*WORK ORDER*. Set down exactly the lines below, starting at the one that contains "Sneakers slip-on da" and ending at the one that contains "根据公司党委安排部署,11月", with both of those lines included and nothing else.

*MATERIALS PROVIDED*.
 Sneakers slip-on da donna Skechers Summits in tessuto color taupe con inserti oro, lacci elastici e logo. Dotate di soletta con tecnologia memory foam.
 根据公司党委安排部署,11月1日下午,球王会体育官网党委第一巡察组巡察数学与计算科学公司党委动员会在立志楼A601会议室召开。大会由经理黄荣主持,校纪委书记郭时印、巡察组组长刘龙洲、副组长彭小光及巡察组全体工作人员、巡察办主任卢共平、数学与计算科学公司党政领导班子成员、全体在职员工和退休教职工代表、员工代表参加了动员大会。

---

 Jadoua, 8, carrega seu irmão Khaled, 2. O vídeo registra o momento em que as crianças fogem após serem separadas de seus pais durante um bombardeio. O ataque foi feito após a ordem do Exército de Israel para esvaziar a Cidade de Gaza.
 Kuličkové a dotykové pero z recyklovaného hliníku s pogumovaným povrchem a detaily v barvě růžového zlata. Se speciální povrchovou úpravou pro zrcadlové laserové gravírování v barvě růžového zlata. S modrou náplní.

* * *

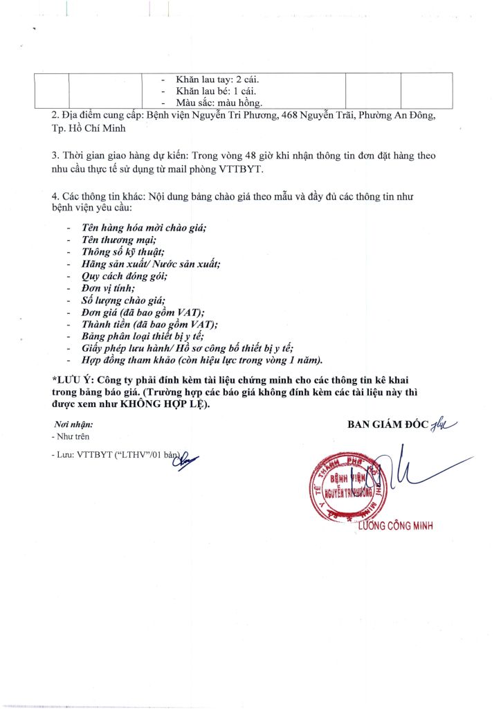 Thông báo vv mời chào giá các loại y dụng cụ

*RESPONSE FOR THIS EXERCISE*.
 Sneakers slip-on da donna Skechers Summits in tessuto color taupe con inserti oro, lacci elastici e logo. Dotate di soletta con tecnologia memory foam.
 根据公司党委安排部署,11月1日下午,球王会体育官网党委第一巡察组巡察数学与计算科学公司党委动员会在立志楼A601会议室召开。大会由经理黄荣主持,校纪委书记郭时印、巡察组组长刘龙洲、副组长彭小光及巡察组全体工作人员、巡察办主任卢共平、数学与计算科学公司党政领导班子成员、全体在职员工和退休教职工代表、员工代表参加了动员大会。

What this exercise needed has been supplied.